You can also probably imagine that the number of possible permutations of the block layout on the bottom silicon layer and the wire layouts in the metal stack is mind boggling. Tiny changes in block placement at the silicon layer can lead to exponential growth in the wiring, for example. Searching through the possible combinations of block placement and wiring complexity therefore tends to be done by computer.

The bounding conditions for that search tend to be block frequency (because the clock for the chip has to propagate through all of the blocks), power (more transistors equals more power, relative to a fixed input voltage and frequency), and area (because the area has a physical cost in dollars for the silicon and the metal stack that wires it all up). There are many more in reality, and the EDA tools vendors tend to sell the software that figures it all out. The important thing to note is that finding an optimal layout for one input factor can cause huge changes in all of the others.

Now it is possible for a human being to lay out parts of the design, and there are reasons why that might be desirable. The layout software is guided by an engineer or set of engineers, but it might only have a certain number of possible search strategies baked into it, and they'll all be bound by the characteristics we talked about before: power, area, frequency, and so on.

You can also probably imagine that the number of possible permutations of the block layout on the bottom silicon layer and the wire layouts in the metal stack is mind boggling.

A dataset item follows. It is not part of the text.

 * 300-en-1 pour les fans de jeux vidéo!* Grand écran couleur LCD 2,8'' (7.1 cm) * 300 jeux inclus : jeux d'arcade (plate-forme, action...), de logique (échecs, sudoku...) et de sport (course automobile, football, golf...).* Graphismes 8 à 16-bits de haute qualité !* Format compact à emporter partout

However there's one important characteristic to the boundary conditions of the layout software: time. Because finding the final layout solution is an exponential problem in terms of the number of the number of input conditions, the software has to somehow limit its run time. If the software isn't sophisticated enough to find an acceptable layout for the usual input parameters, it's possible for skilled folks to step in and either partially or fully guide the software to the solution the chip designer is looking for.

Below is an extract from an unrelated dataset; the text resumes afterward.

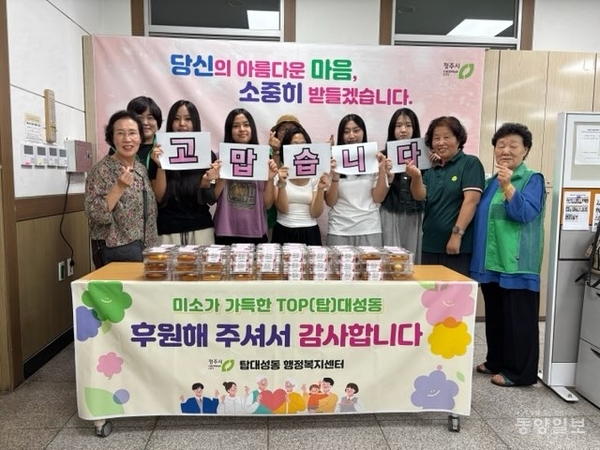 프로그램에 참여한 학생들은 직접 만든 과자를 학교 환경정리와 폐지수거 때마다 도움을 받았던 탑대성동 행정복지센터 새마을 남녀지도자회에 나눠줬다.

Finding fully or partially laid out digital logic in complex, large microprocessors is rare, but it does happen. You can imagine that the reasons why it does happen are to really optimize the last few percent of a design in a certain way, to do the best possible job on performance, power, and area. I've looked at dozens of large chip designs in the last few years, in detail, and I've seen hand-optimized layout just once. I think. I say I think because it's very hard to tell, as you can imagine.

Clocking
It's worth talking about clocking of large chips here, just briefly, since it's such a big part of certain designs. The way a clock is applied to digital logic means that the clock propagates through a block's cells, driving them pretty much in a wave carried by the wires that route through the metal stack. The clocks applied to a modern large design are complex, because they're designed to cover a large range and move between levels and lock quickly. They're also varied, because there's no one clock to govern a single system-on-chip, so you find anywhere from a few to dozens of clock sources in today's designs.

The length of the wires is the biggest factor in figuring out the delay of the clock travelling along them. That delay is the main limit for the peak operating frequency of a given block. Factor it into whatever else is sharing the same clock source, and it's possible for a single block in a modern design to limit the peak frequency of all other blocks that share the same clock.

The clock is effectively a tree. It's generated at the root source and moves along the branches, which are the main feeding wires, to the leaves, which are the wires farthest from the source.

The clock tree is sometimes able to account for a non-trivial portion of a design's area, since it needs to effectively feed the numerous complex blocks within a modern design. I point out the clocking just to give you an idea that not all of the area on a modern chip is dedicated to computational logic, and that clocking setups and clock variation strategies to keep power under control are an increasingly large part of modern chip designs.